- What the exercise asks -
Please print the entries below exactly, from the line with "Family sitting on" through the line with "in the area", including both of those lines and leaving out all others.

- Extracted information -
_ _ _ _ _ _ _
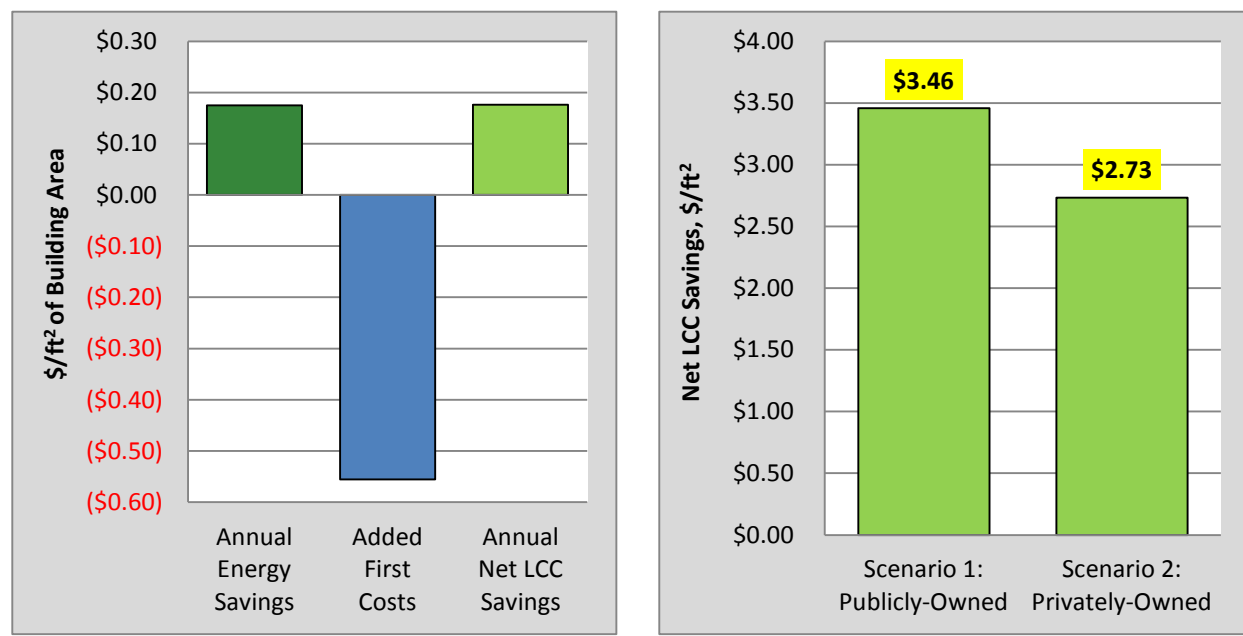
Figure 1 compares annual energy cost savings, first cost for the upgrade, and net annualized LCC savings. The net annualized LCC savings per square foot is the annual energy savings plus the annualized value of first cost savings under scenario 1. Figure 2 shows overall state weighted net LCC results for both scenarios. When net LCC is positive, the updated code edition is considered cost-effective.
_ _ _ _ _ _ _
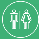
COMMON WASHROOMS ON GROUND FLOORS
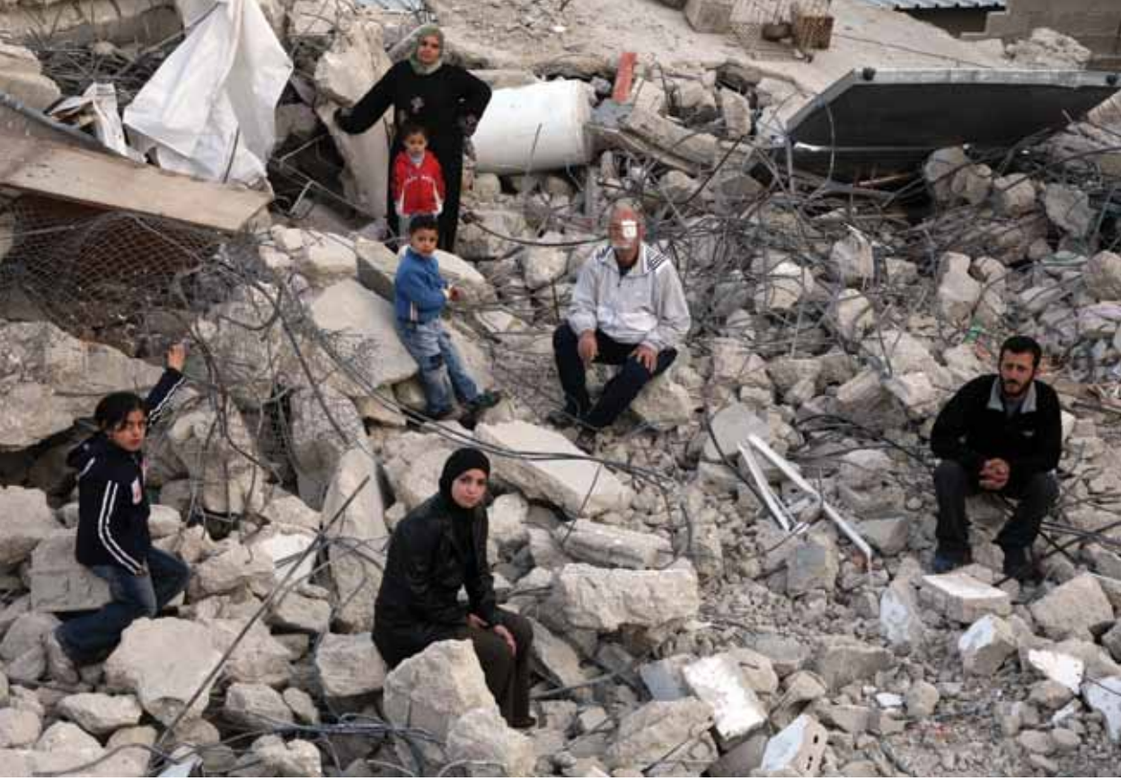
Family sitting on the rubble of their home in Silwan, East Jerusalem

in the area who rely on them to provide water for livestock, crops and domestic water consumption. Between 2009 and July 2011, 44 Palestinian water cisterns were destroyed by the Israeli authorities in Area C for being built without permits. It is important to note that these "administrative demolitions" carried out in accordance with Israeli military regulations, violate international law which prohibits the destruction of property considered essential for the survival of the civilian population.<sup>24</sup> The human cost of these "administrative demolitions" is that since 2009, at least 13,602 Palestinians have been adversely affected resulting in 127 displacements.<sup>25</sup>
_ _ _ _ _ _ _
- Response to this task -
Family sitting on the rubble of their home in Silwan, East Jerusalem

in the area who rely on them to provide water for livestock, crops and domestic water consumption. Between 2009 and July 2011, 44 Palestinian water cisterns were destroyed by the Israeli authorities in Area C for being built without permits. It is important to note that these "administrative demolitions" carried out in accordance with Israeli military regulations, violate international law which prohibits the destruction of property considered essential for the survival of the civilian population.<sup>24</sup> The human cost of these "administrative demolitions" is that since 2009, at least 13,602 Palestinians have been adversely affected resulting in 127 displacements.<sup>25</sup>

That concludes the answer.